Il caso Cesa frena il dialogo Conte-Udc. Per il M5S no al governo con i condannati
Per Giuseppe Conte la partita sembrava chiusa, con la fase due del piano già impostata: entro lunedì sarebbe dovuto avvenire lo stacco dell’Udc da Forza Italia, per dar vita a quel contenitore politico di centro in cui tenere insieme socialisti, liberali e democristiani, in attesa di sfilare altri parlamentari a Italia viva, riducendo di fatto l'opposizione di Matteo Renzi e il rischio di andare sotto coi numeri in Senato. Da lì, poi, sarebbe nato il suo partito prossimo venturo, con tanto di sondaggi già veleggianti verso la forchetta del 16-18%. Tant'è vero che dopo due anni ha ceduto la delega ai Servizi affidando a Pietro Benassi, sottosegretario alla Presidenza del Consiglio, la delega all'intelligence. L'iscrizione di Lorenzo Cesa nel registro degli indagati, per associazione a delinquere in un'inchiesta della Dda di Catanzaro sulla Ndrangheta rischia di bloccare di colpo la trattativa perché i CinqueStelle già di malavoglia avevano accolto l'idea di far entrare ex Dc e Psi in maggioranza, ma addirittura lasciar correre su principi fondamentali, questo proprio no. Sul punto Luigi Di Maio è stato chiarissimo: “Mai il M5S potrà aprire un dialogo con soggetti condannati o indagati per mafia o reati gravi”. Lorenzo Cesa nel frattempo si è dimesso subito dalla carica di segretario nazionale, mossa necessaria per sgomberare il campo e permettere a Paola Binetti, Antonio Saccone e Antonio De Poli di continuare la trattativa, che non si è mai interrotta, in effetti, nonostante il ministro degli Esteri abbia dichiarato pubblicamente che “questo consolidamento del Governo non potrà avvenire a scapito della questione morale, dei valori che abbiamo sempre difeso e che sono fondanti del progetto 5 Stelle”.
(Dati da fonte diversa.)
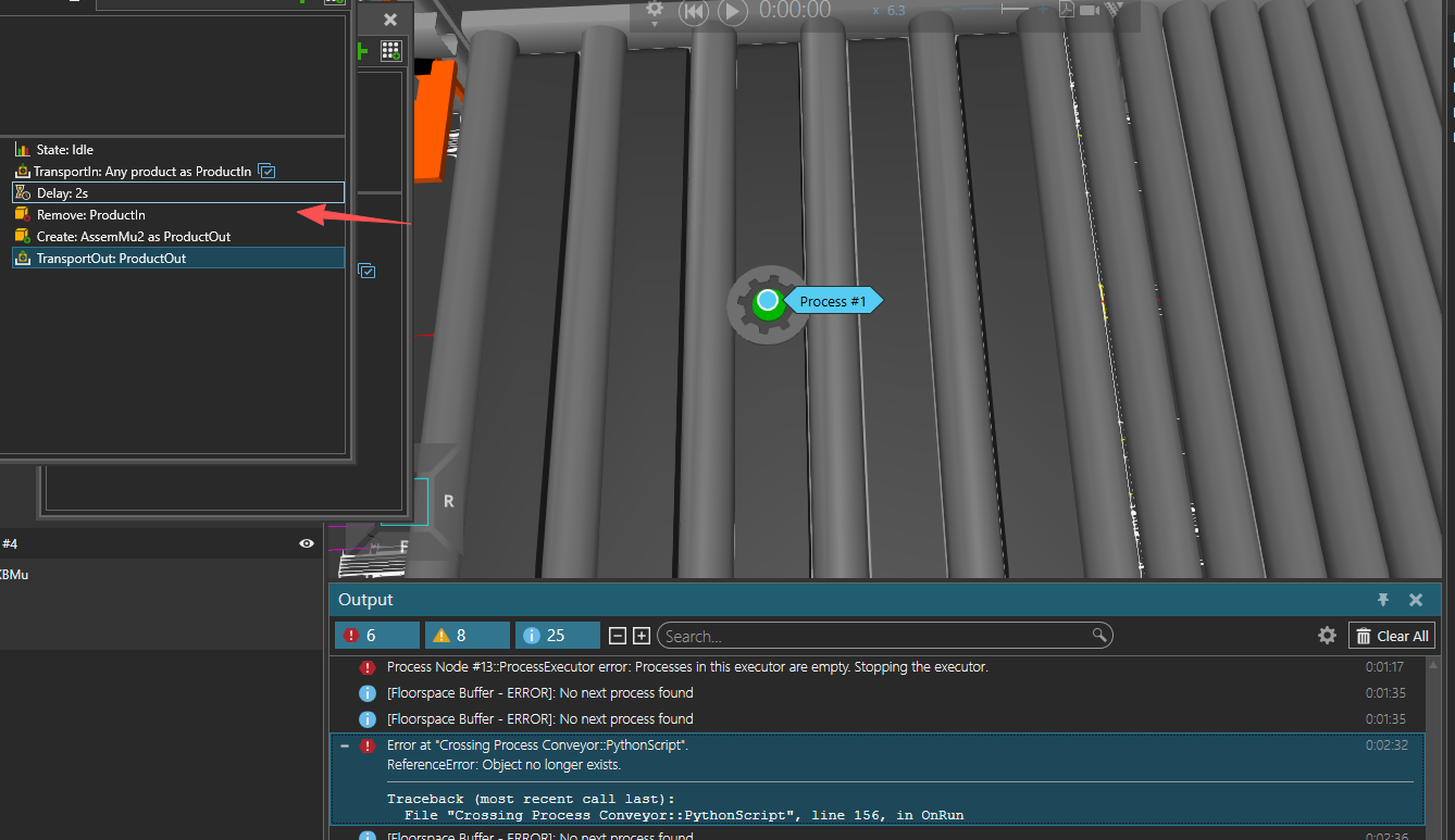 When I perform a remove operation on a crossing process conveyor, this error occurs and causes the second transportIn to fail to execute. I believe this error is unnecessary, because I sometimes need to use the remove operation.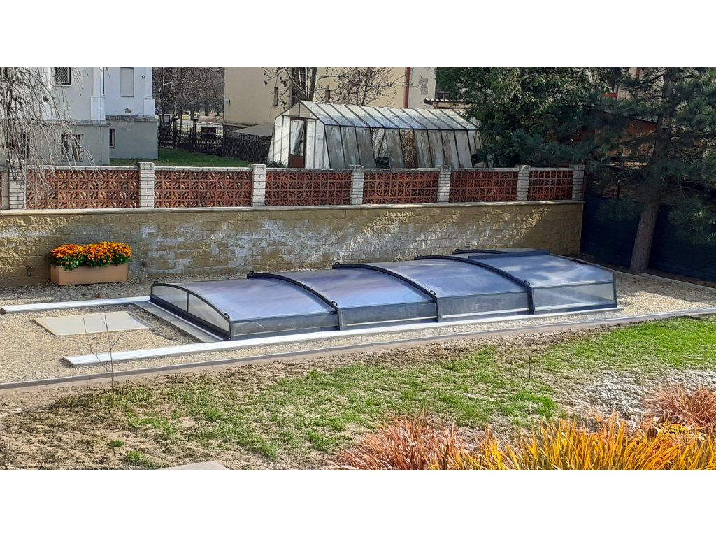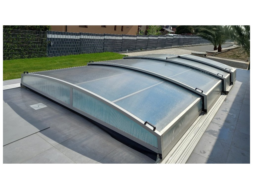 - Dostarczane szyny przechodnie przedłużone są o 220 cm w celu odsunięcia zadaszenia poza basen.

Per aggirare l'ostacolo a Conte resta ancora la carta Pd. Anche ieri il vice segretario Andrea Orlando ha fatto un passaggio a Palazzo Chigi per aggiornare il premier: il partito di Nicola Zingaretti, infatti, sta incessantemente corteggiando i senatori di Italia viva e non a caso lo stesso Matteo Renzi lancia appelli per riaprire il dialogo: “Siamo ancora in tempo per fermarci. Il mio appello è: anziché andare a fare un compro-baratto-vendo sui singoli parlamentari, tornate alla politica”. Il senatore toscano sogna lo sgambetto in aula, già mercoledì prossimo, quando il Guardasigilli Alfonso Bonafede porterà la sua relazione sulla giustizia: mandare sotto il Governo colpendo il capodelegazione dei Cinque Stelle porterebbe Conte dritto al Quirinale. Ma, a dispetto dai segnali di compattezza che filtrano da Iv, il rischio è che Renzi si ritrovi con il gruppo spaccato e un flop molto pesante da gestire, perciò ribadisce: “Smettiamola di fare le polemiche, se volete contrattiamo, nelle sedi istituzionali, noi vi abbiamo scritto e detto le nostre idee. Non ci prenderete mai come dei Ciampolillo qualsiasi”. Il fine settimana, dunque, si preannuncia di grandi manovre.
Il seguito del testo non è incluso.